Marty Faye, 35, is a short, brash Chicago pitchman who believes that the surest way to make good in TV is to get the people to hate you. In his two months as proprietor of Marty's Morgue, a local interview show over Chicago's station WBKB. he has cheerfully managed to provoke daily threats of violence; in addition, he has brought down around his balding head the wrath of the town's teenagers, who bombard him with up to 1,00 letters a week for butchering their sacred cows on the air.
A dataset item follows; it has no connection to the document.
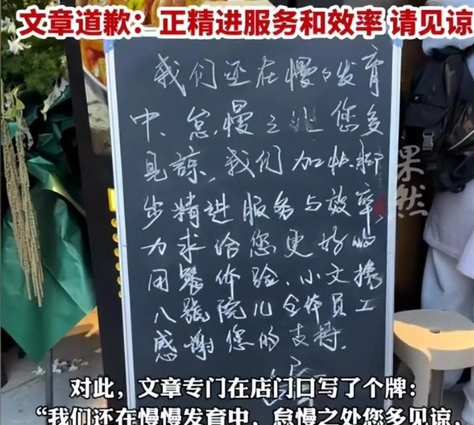 他在店门口放置了一块手写的道歉牌,上面写道:“我们还在慢慢发育中,怠慢之处您多见谅,我们加快脚步精进服务与效率,力求给您更好的用餐体验。

Faye begins his late-hour (11:30 p.m.), Sunday through Thursday inquisition by pointing to a pasteboard morgue and sneering adenoidally: "This is where I bury the people I don't like." As Chicagoans look on with mixed fascination and disgust, he proceeds to poke at the privacy and the professional talents of well-known figures in the popular-music industry, whether they are guests on the show or not. Some typical Faye autopsies: Eddie Fisher "sings with as much animation as a dead fish"; Elvis Presley is "a bouncing orangutan, a musical degenerate"; Tab Hunter's "squeak is a travesty, a horror." Of his own sister. Cafe Singer Frances Faye, he cracked: "She's really not my sister; she's my father."
Despite his crudities. Faye has eight TV sponsors, because he can assure them of a good-sized audience. His mail is chiefly the poison-pen type: "Die! Die! Die!" urged one letter writer last week. Said another: "You are a splendid example of the fact that in order to have free speech we must tolerate its abuse by idiots." In a recent charity appearance before 62,500 people at Soldier Field, Faye fans pelted him with coins, ice cream, paper cups and jeers. Grabbing a microphone, he bellowed: "I want you to know that whatever you think of me I think of you."